Products have undergone the necessary Health Canada notifications and are currently in the process of being listed in Ontario, British Columbia, Alberta, Saskatchewan and Manitoba.
All five provinces have completed registrations and the company is currently working through final arrangements with a production partner to finalize its product launch.
Products are expected to be available later this quarter.
In November 2019, Harvest One received permission from Health Canada to import Satipharm’s 10mg CBD Gelpell® capsules into Canada for research and development purposes.
The company also continues to prepare for a launch of Satipharm’s CBD Gelpell® capsules into Canada and is working through the necessary arrangements with Gelpell®.
The development of this business will be a key element of future growth for Harvest One. It will require additional financing; however MMJ clearly sees a path forward for this well diversified and geographically located company.
When I last spoke with Mike Curtis he told me he believed cannabis could be a safe haven investment over the next 12-24 months.
There could be several reasons for this, but one of the key drivers of this will be the expected explosion of cannabis 2.0 products.
As we noted above, Brightfield Group expects Cannabis 2.0 product sales to contribute $900 million to the Canadian economy this year, including cannabis-infused edibles, beverages, and vapes.
According to Everett Knight of Valens Groworks Corp, the US market is almost split 50-50 by flower and oil sales.
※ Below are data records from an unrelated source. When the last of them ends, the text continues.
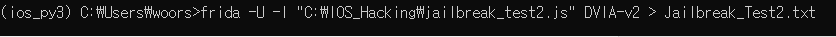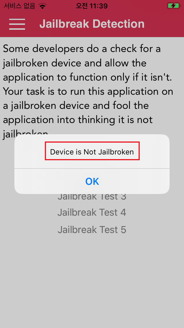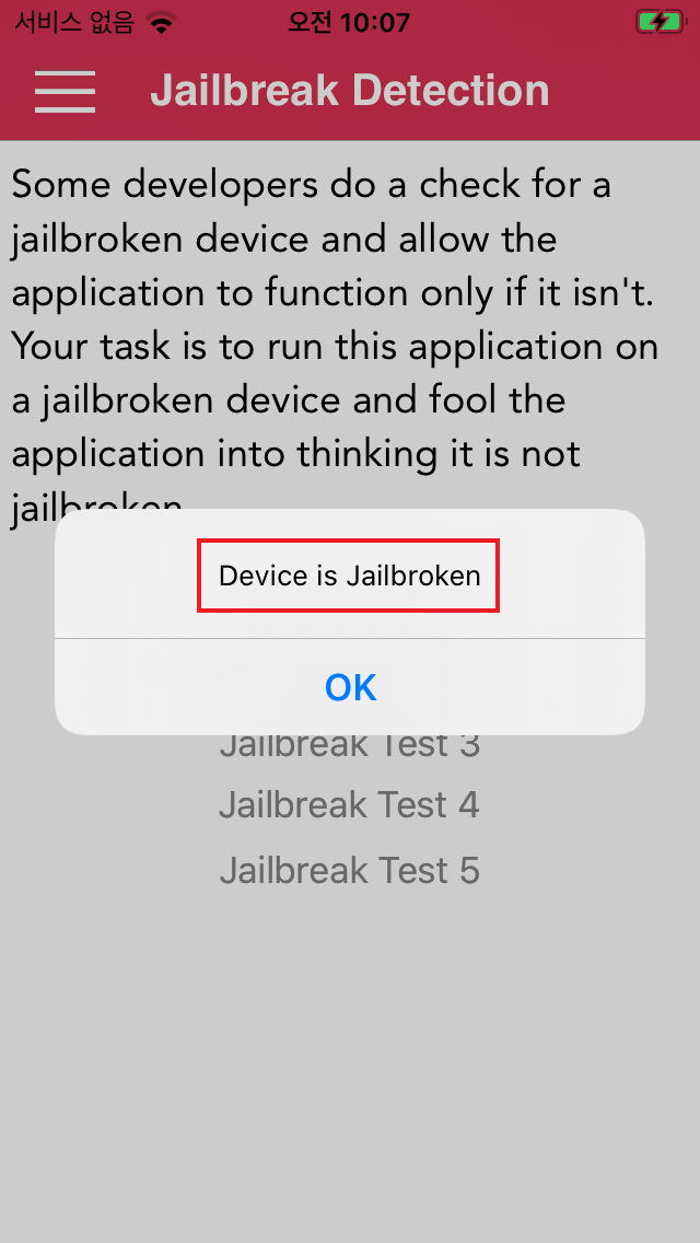 Jailbreak Test 2번 클릭시 탈옥 탐지 문자열 출력 확인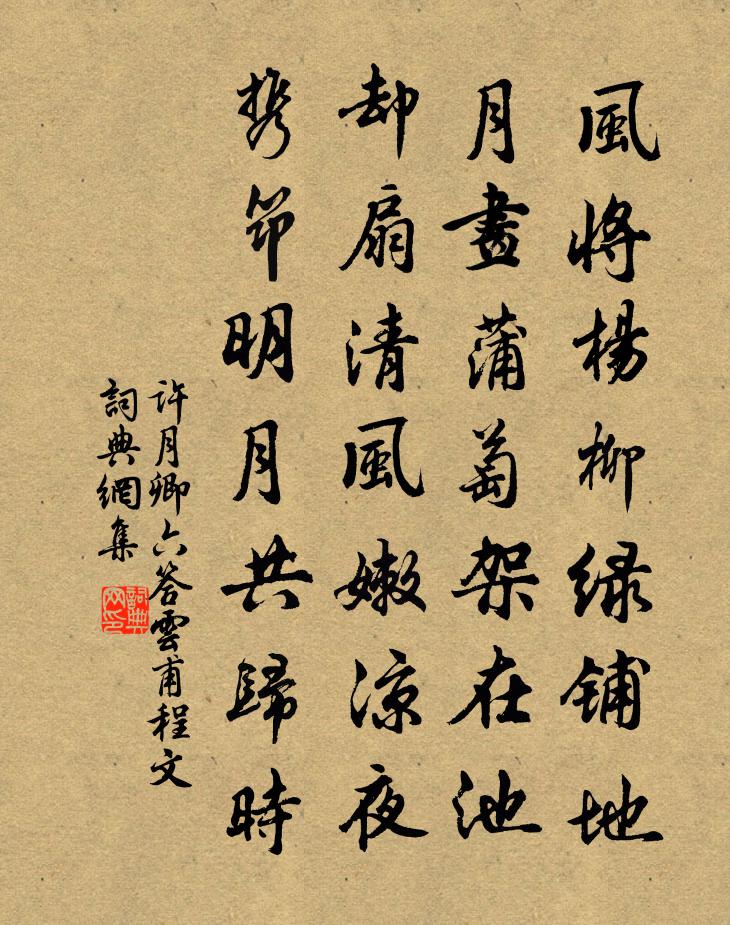 詩詞名句歷史字典書法欣賞書法字典國語詞典說文解字康熙字典古漢語字典標 題 作 者 詩 句 答雲甫程文作者:許月卿六 朝代:宋代答雲甫程文原文風將楊柳綠鋪地,月畫蒲萄架在池。卻扇清風嫩涼夜,攜筇明月共歸時。詩詞問答問:答雲甫程文的作者是誰?答:許月卿六問:答雲甫程文寫於哪個朝代?答:宋代許月卿六答雲甫程文書法欣賞答雲甫程文書法作品詩詞推薦外丹吳龍翰〔宋代〕手掇乾坤鐺里煎,神仙肘後有書傳。紅鉛黑汞一斤藥,陽火陰符六百篇。金鼎自疑三素氣,玉爐輕散九霞煙。玄霜苦雪四首高適〔唐代〕二月猶北風,天陰雪冥冥。寥落一室中,悵然慚百齡。苦愁正如此,門柳復青青。惠連發清興,袁安念高臥。余故謝胡編校惠藥醫膝病遂以藥名賦劉黻〔宋代〕益智莫如愚,誰甘遂作非。年增思續斷,親老續當歸。起石安吟久,防風見客稀。前胡古君子,松節自相依。詠馮昭儀當熊賈至〔唐代〕白羽插雕弓,霓旌動朔風。平明出金屋,扈輦上林中。逐獸長廊靜,呼鷹御苑空。王孫莫諫獵,賤妾解當熊。春日即事四絕王炎〔宋代〕小園桃李怯風雨,春事一年渾得晴。燕子欲相牽率去,踏青吾不敢徒行。路出祝融背仰見上封寺遂登絕頂張栻〔宋代〕我尋西園路,徑上上封寺。竹輿不留行,及此秋容霽。磴危霜葉滑,林空山果墜。崇蘭供清芬,深壑遞幽吹。不知寄友人張蠙〔唐代〕戀道欲何如,東西遠索居。長疑即見面,翻致久無書。甸麥深藏雉,淮苔淺露魚。相思不我會,明月幾盈虛。題金吾郭將軍石洑茅堂常袞〔唐代〕雲戟曙沈沈,軒墀清且深。家傳成棟美,堯寵結茅心。玉佩多依石,油幢亦在林。爐香諸洞暖,殿影眾山陰。草奏早花杜甫〔唐代〕西京安穩未,不見一人來。臘日巴江曲,山花已自開。盈盈當雪杏,艷艷待春梅。直苦風塵暗,誰憂容鬢催。九峰過重陽陳藻〔宋代〕登高卻是今最高,九峰寺上誦莊騷。茶話恰宜湯餅素,滿身風癢怕村醪。昔游詩 其十一姜夔〔宋代〕昔游衡山上,未曉入幽谷。欲識所坐輿,橫版掛兩竹。狀如鞦韆垂,高下不傾覆。登山九千丈,中道多佛屋。一峰句石延年〔宋代〕葉嫩藏修節,苞遺出紺膚。與鄰翁登山亭陸游〔宋代〕數掩槿籬圍夕照,一間茅舍背陰崖。吾生擾擾實無樂,人事悠悠那可諧?憂患向來侵綠鬢,登臨此日費青鞋。京華賀王起(一作賀王侍郎典貢放榜)廣宣〔唐代〕從辭鳳閣掌絲綸,便向青雲領貢賓。再辟文場無枉路,兩開金榜絕冤人。眼看龍化門前水,手放鶯飛谷口春。明日初春岩桂著花詩人太和令君首賦佳篇才臣伯和周必大〔宋代〕蟾窟雲根夜夜新,天台子落四時榮。君看月桂閒花草,猶似長春竊此名。過鄱陽湖天晴風順楊萬里〔宋代〕湖外廬山已見招,春風好送木蘭橈。青天挾日波中浴,白晝繁星地上跳。萬頃琉璃吹一葉,半簪霜雪快今朝。廬陵飯溪石葛紹體〔宋代〕一石類古鐘,范模昔誰制。開闢幾歲月,蘿蔓疑篆隸。老木上婆娑,清泉下溶{左氵右裔}。左右亂石列,拱若朝山水圖唐寅〔明代〕秋月攀仙桂,春風看杏花。一朝欣得意,聯步上京華。悶成華岳〔宋代〕勿憂李廣不封侯,廣不封侯未足憂。漢鼎不烹曹操肉,吳鉤空斷伍員頭。鴻門自昔推屠狗,虎帳於今愧沐猴。千萬句宋太宗〔宋代〕奉使南遊多好景。名句推薦梅片作團飛,雨外柳絲金濕。雷應春《好事近·梅片作團飛》 一番荷芰生池沼,檻前風送馨香。尹鶚《臨江仙·一番荷芰生池沼》 錦江近西煙水綠,新雨山頭荔枝熟。張籍《成都曲》 守節自誓,親誨之學。歐陽修《畫地學書》 天下三分明月夜,二分無賴是揚州。徐凝《憶揚州》 門外平橋連柳堤,歸來晚樹黃鶯啼。溫庭筠《春洲曲》 聚斂者,召寇、肥敵、亡國、危身之道也荀子《荀子·王制》 窈窕淑女,君子好逑。佚名《關雎》 綠葉兮素華,芳菲菲兮襲予;屈原《九歌》 細數十年事,十處過中秋。范成大《水調歌頭·細數十年事》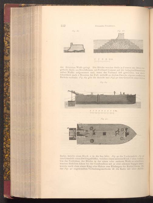 der fkizzirten Weife gelegt Die Blöcke wurden theils in Formen aus Béton hergeftellt, theils aus Bruchfteinen, mit Portland- Cement auf die befagten Dimenfionen aufser Waffer aufgemauert und, wenn der Verband feft geworden, was durchfchnittlich nach 2 Monaten der Fall, mittelft zu diefem Zwecke eigens conftruirten Barken verfenkt. Fig. 89 gibt die Anficht und Fig 90 den Grundrifs einer folchen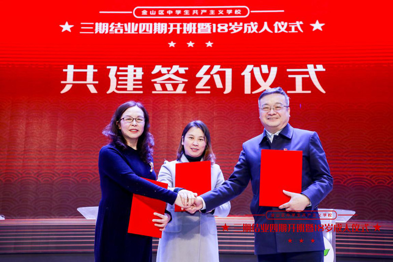 在活动的开始,舒加敏介绍了此次成人礼的活动简要。优秀学员代表进行了一年学习收获的发言,金山区共产主义学校校长结合新时代背景回顾过去一年的工作情况。随后,共青团金山区委员会、金山区教育工作党委携手ylzzcom永利总站线路检测共同签署“金山区中学生共产主义学校”共建合作协议,三方将继续合作,为金山区共产主义学校输送理论课程、提供师资力量,从源头强化中学生理想信念教育,增强广大中学生对党的向心力。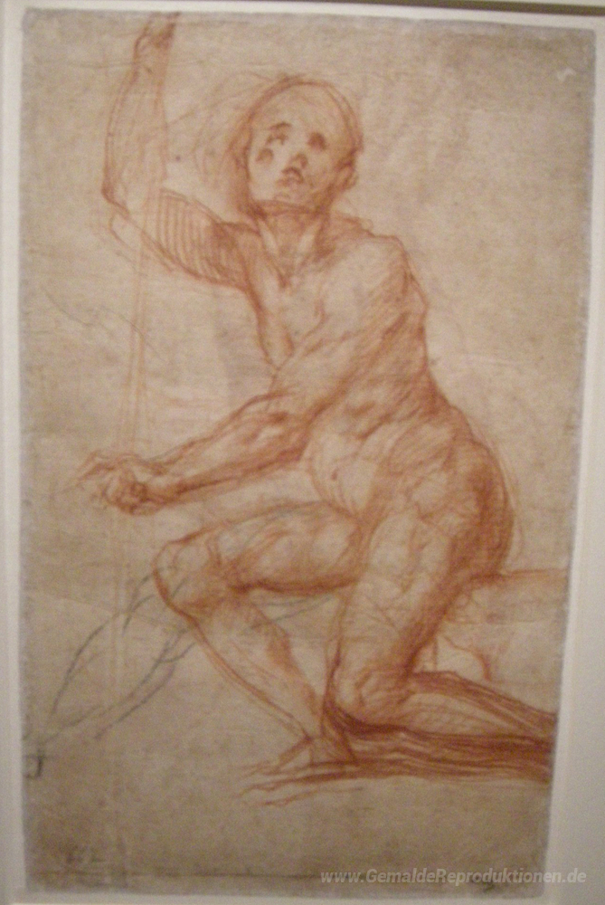 Wir bieten Ihnen eine handgefertigte Reproduktion auf Leinwand des berühmten Kunstwerks 'Studie eines sitzenden Mannes' von Jacopo Pontormo, aus dem Reproduktionsmuseum.
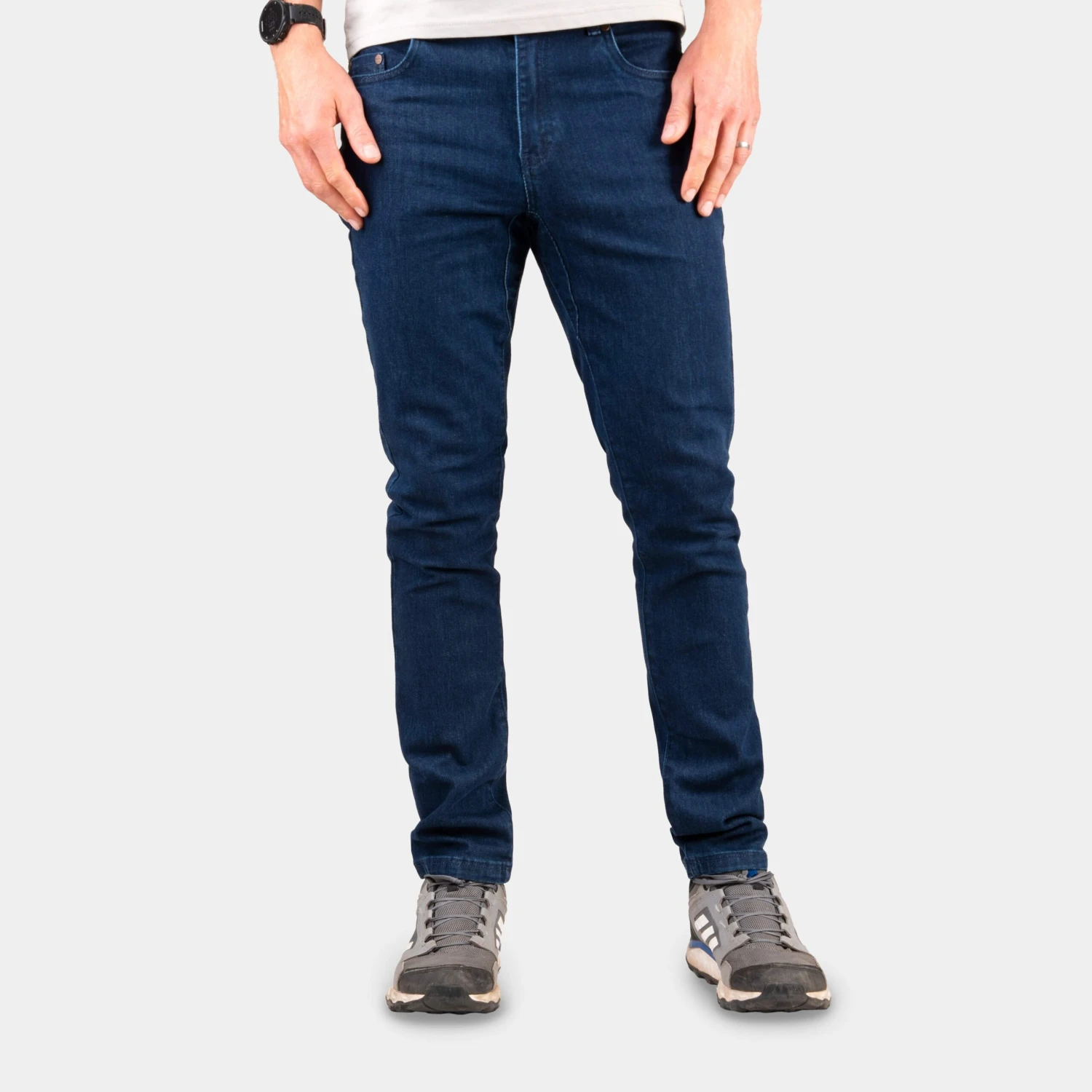 Our unique denim blend is designed to let your legs express themselves freely, whether striding determinedly up hillsides or contorting into awkward bouldering moves. T400® polyester provides a superabundance of stretch and instant comfort, without sacrificing the natural denim feel. Plus it stops them losing their shape over time.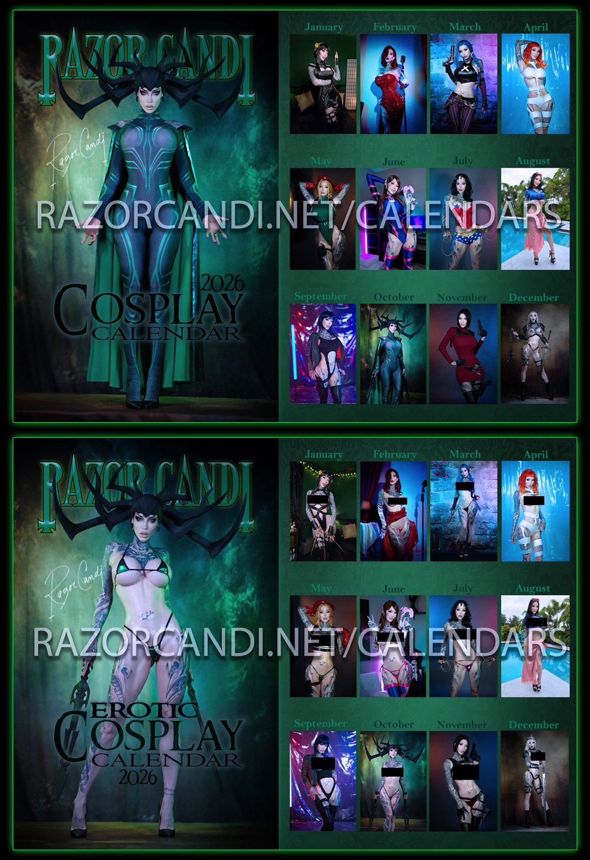 1pc - Limited edition 2026 NSFW RazorCandi signed calendar containing 12 NSFW images+the cover with some of my best recent cosplay works and even two unreleased works! All images are tasteful artistic NSFW photos.

Knight forecast at the Benzinga Cannabis Capital Conference in Miami Beach earlier in the year that oil’s share will reach 75% or more.
“I think 2.0 is really the future of cannabis,” he told moderator Jim Kirsch of Alliance Global Partners during a panel discussion.
“I’ve never met a doctor who wants you to smoke cannabis,” Knight said. “[And] it’s more convenient.”
To give you some perspective of what is coming Canopy Growth will release a range of chocolates (Tweed Bakerstreet chocolates) and distilled cannabis beverage products including Tweed Houndstooth & Soda, Houseplant Grapefruit and Houseplant Lemon. Whilst the beverages have been delayed, the chocolates are expected to hit shelves in December.
The other major player, Tilray, will also release a confectionery brand, this one known as Chowie Wowie. Tilray’s wellness brand is called Rmdy and its beverage brand Everie, which was developed by Fluent, High Park’s joint venture with Labatt Breweries of Canada.
Knight expects the market for beverages to explode: “They’re going to be bigger than you think with some of the players lobbying behind the scenes like Constellation Brands, Inc. and Molson Coors Beverage Co.”
MMJ has a demonstrated track record of making astute investments in the industry, as well as timing the realisation of gains to the advantage of shareholders.
The advent of cannabis 2.0 should only improve this track record, especially as it has a diversified portfolio with a focus on extraction that feeds into the segments of cannabis 2.0 that could very well make it bulletproof.